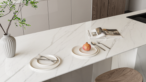 【晶玉透光石】实现全方位无死角精密对纹,整体花色衔接自然连贯。表面纹理更立体,层次感更强,形成浑然天成的石纹效果。
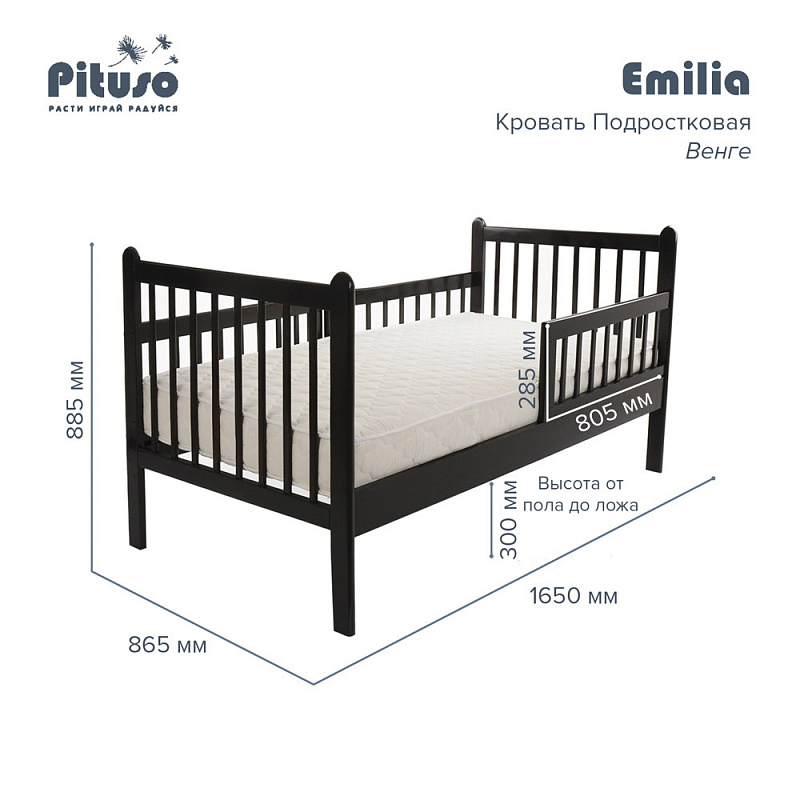 Высота ножек позволяет с легкостью производить ежедневную влажную уборку в детской комнате (высота от пола до ложа 30 см), допустимая нагрузка- 50 кг.
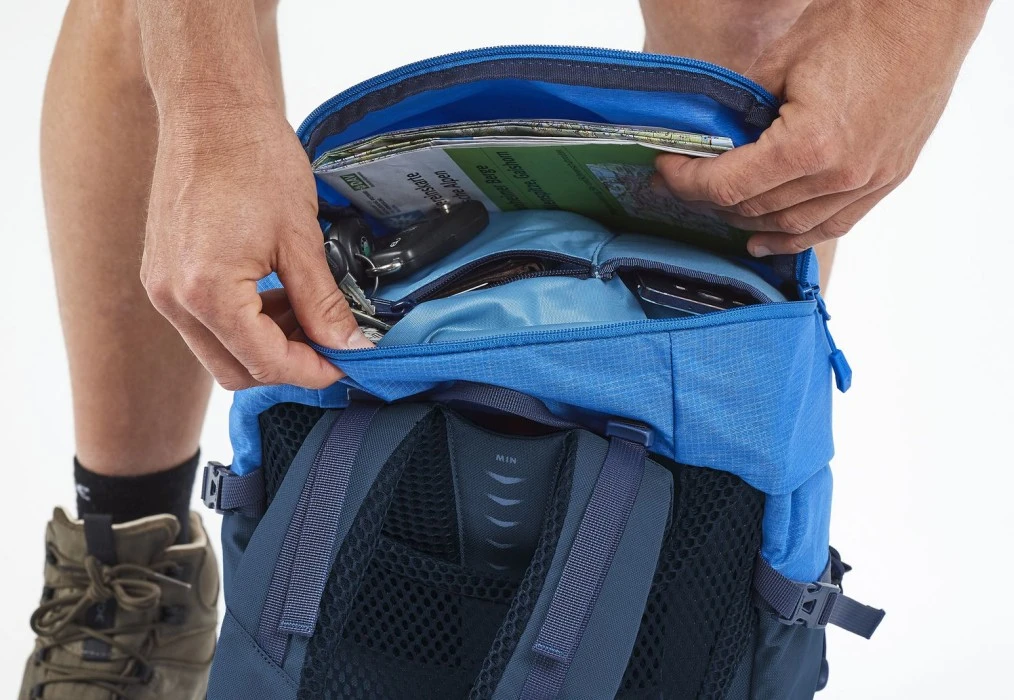 - Tilava 30-litrainen päiväreppu, jossa säädettävät rinta- ja lannevyö

* [Exercise brief]:
Without the pictures, return the whole of the data exactly as given.

* [Finished task]:
 【晶玉透光石】实现全方位无死角精密对纹,整体花色衔接自然连贯。表面纹理更立体,层次感更强,形成浑然天成的石纹效果。
 Высота ножек позволяет с легкостью производить ежедневную влажную уборку в детской комнате (высота от пола до ложа 30 см), допустимая нагрузка- 50 кг.
 - Tilava 30-litrainen päiväreppu, jossa säädettävät rinta- ja lannevyö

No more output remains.